Ambiguity resolution issue in LVS

Hi, Matthias,
As you may know, ambiguities occur in highly parallel and symmetric circuits.
For example, if there are placing decap cell (consists of PMOS/NMOS )between VDD and VSS,
those decap cells can be interchanged without affecting the connectivity.
Then, it is impossible to distinguish between the such cells.
When I tried to run LVS for my existing hand-crafted logic circuit block including 360 of decap cell, matching was failed at top level connection.
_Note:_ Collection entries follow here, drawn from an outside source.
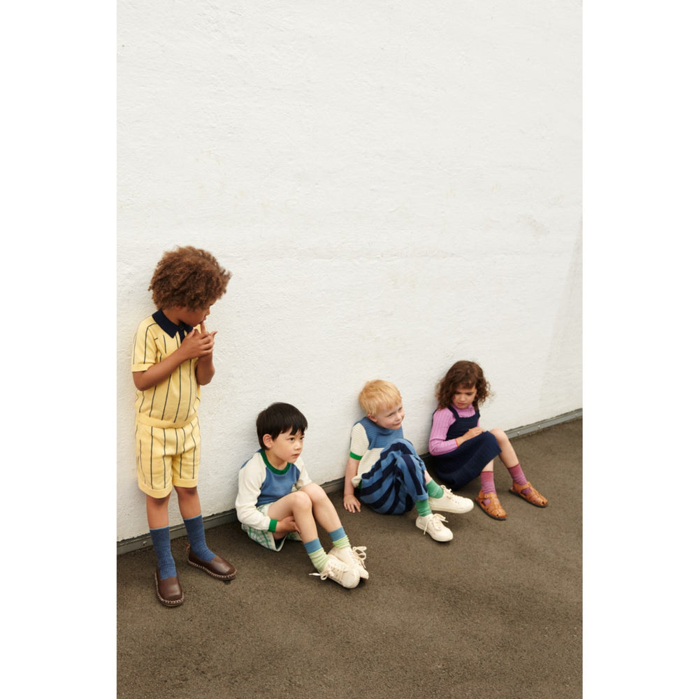 Denne elegante polobluse er ideel til dit barns garderobe med sine smalle lodrette striber og klassisk navy og vaniljefarve. Fremstillet af 100% certificeret økologisk bomuld, sikrer den både komfort og holdbarhed. De funktionelle corozoknapper og korte raglanærmer tilføjer funktionalitet samt stil, mens ribkanterne og den kontrastfarvede krave afrunder et skarpt look. Perfekt til hverdagsbrug eller særlige lejligheder, denne polobluse kombinerer stil med miljøbevidsthed.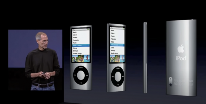 口袋摄像机的流行让传统相机厂商也极为眼馋,柯达、索尼纷纷推出类似产品,就连乔布斯也在 iPod nano 5 的发布会上专门提及 Flip Video、YouTube,为其引入了摄像头,这倒也符合 iPod 系列便携、便宜的定位。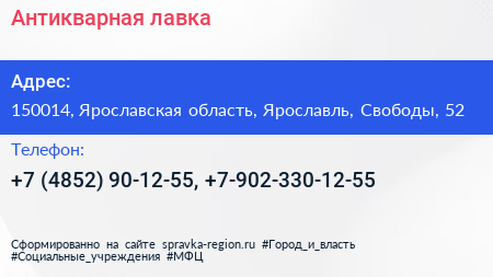 Антикварная лавка по адресу 150014, Ярославская область, Ярославль, Свободы, 52 в дальнейшем Организация, размещена в следующих категориях: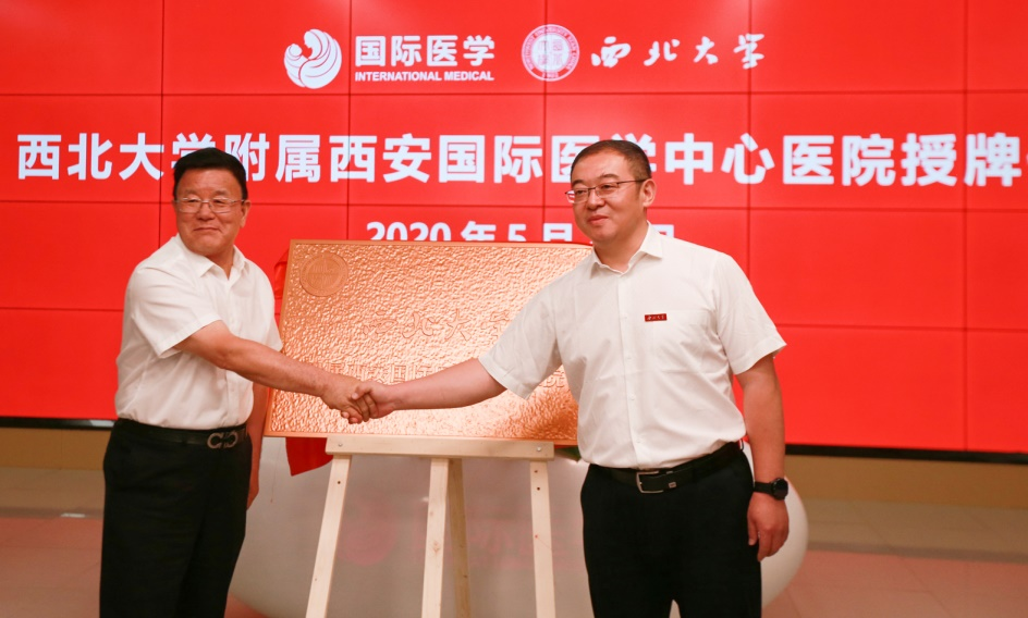 最后,在嘉宾们共同见证下,赢博官方(中国)总部附属西安国际医学中心医院、赢博官方(中国)总部附属西安高新医院正式揭牌,会场响起热烈掌声。
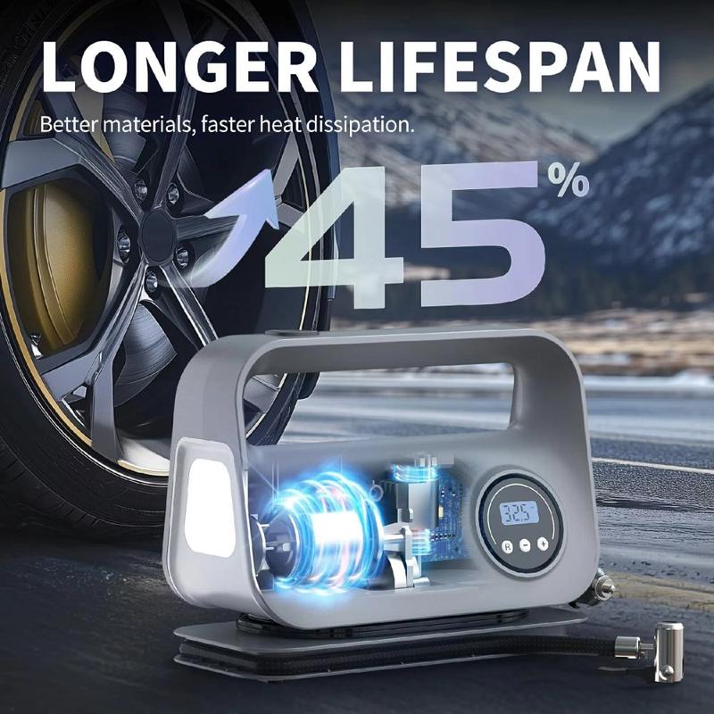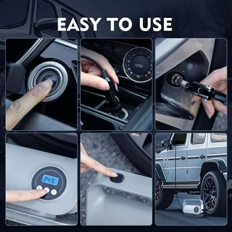 Mit der 22-Zylinder-Autoluftpumpe mit Digitalanzeige sind Sie für jede Reise gerüstet. Dieser leistungsstarke und dennoch tragbare Kompressor wurde für ein schnelles, präzises und problemloses Aufpumpen entwickelt, egal ob Sie Autoreifen auffüllen, Sportgeräte aufpumpen oder Notfälle am Straßenrand bewältigen müssen. Sein kompaktes Design, die automatische Abschaltfunktion und die integrierte Digitalanzeige machen ihn zu einem zuverlässigen Begleiter für Fahrer, die Wert auf Effizienz und Sicherheit legen.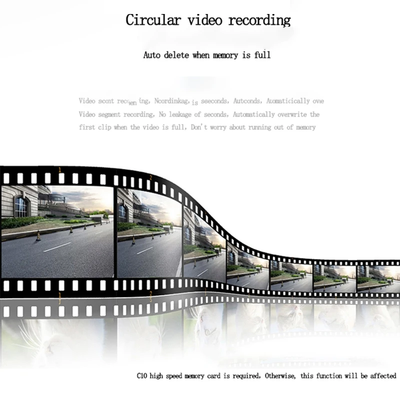 Характеристики: Объектив full HD 720P, широкоугольный объектив высокой четкости 150 градусов, дизайн корпуса. Встроенный g-сенсор для автоматической защиты файлов при столкновении, поддерживает автоматическое включение, чтобы начать запись видео после запуска автомобиля. Поддержка автомобильного и мобильного соединения, подключение к мобильному приложению; ADAS ligent assistant system.(необходимо подключить к Android 4,0 выше большого sn навигатора, который не входит в комплект)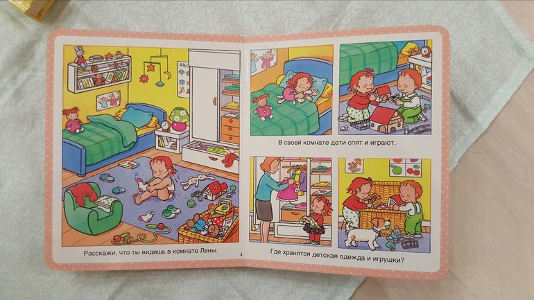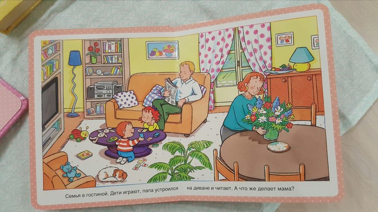 Изображено много полезных и интересных ситуаций. Например, что делают дети, чем занята мама на кухне, как нельзя поступать и т.д.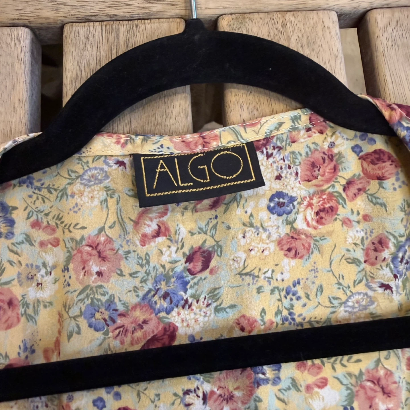 Algo pretty long yellow dress with pink and blue flower print, pearly buttons, and corset lacing up the back.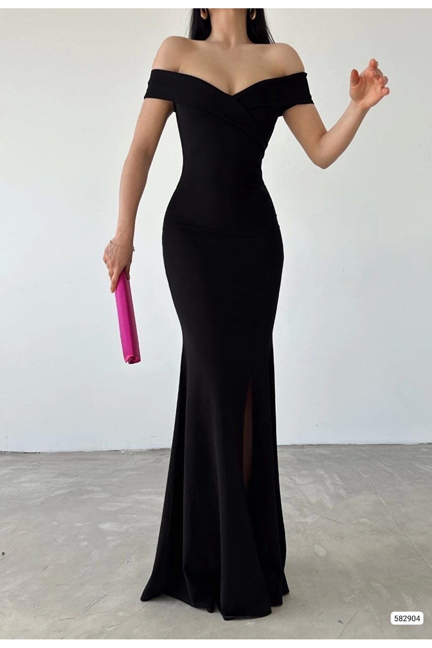 Kadın Dalgıç Kumaş Kayık Yaka Ve Dekolte Detaylı Elbise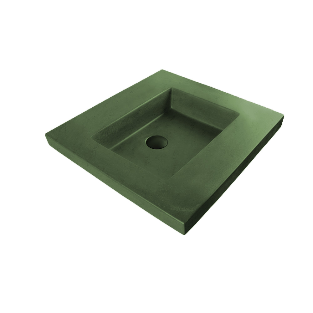 This handmade 24" square concrete vanity top features a seamlessly integrated sink, offering a sleek, monolithic look ideal for modern and minimalist bathrooms. Crafted in USA, with no overflow. Compatible with select 24" vanities (sold separately): NTR-UN-24, KUB-W-24, KUB-W-24B, LRS-F-24, STL-F-24A, STL-F-24B, STL-W-24, STL-W-24B. Shipping Class 4.

To confirm this issue, I made simple test cell and tested LVS.
The cell consists of 1 of INV cell and "n" of Decap cell (2PMOS+2NMOS) between VDD and VSS.

Result was as follows;
n < 22 -> Matching completed.
n >= 22 -> Matching did not complete.

Is it possible to enlarge this N by enhancement?
Thank you very much in advance.

---- netlist -----
.subckt TEST Z A VDD VSS
Xdecap[21] VDD VSS DECAP
Xdecap[22] VDD VSS DECAP
.ends TEST
---- netlist ---------


If you solve this issue, Klayout's LVS functionality will become similar to commercial tools.
So far you have appreciated the many enhancements needed for LVS in stand cell base logic circuits.
(Dummy poly pin, Double height cell, Reduce split gate, etc.)



  • edited March 4

    Hi haru_f,

    There is such a limit, but you can increase it. It's called the "branch complexity". The LVS compare algorithm is a backtracking algorithm and the branch complexity is the number of branches tried to achieve a matching. The maximum branch complexity is to safeguard the algorithm against runtime explosion.

    The default value is 500 and with 23 DECAP cells the number of potential combinations is 23 (extracted) x 23 (schematic) > 500. I hope increasing the branch complexity will not increase the runtime accordingly ... if it does, then I need to optimize this case.

    You can set the maximum branch complexity to 10000 with


    In general however, the best strategy IMHO is to turn the DECAP cells into single caps and combine them into one. The path to this solution is to flatten the DECAP cell (I assume it has a single cap inside). After this, the device combination step in "netlist.simplify" should reduce these caps to a single big one.

    Kind regards,


  • It would seem to me that this particular situation would
    be solved by "permute parallel" (aka "device reduction")
    MOSFET rules, as the decoupling caps are all entirely parallel?
    Should "decompose" into one MOSFET (cap) of N fingers?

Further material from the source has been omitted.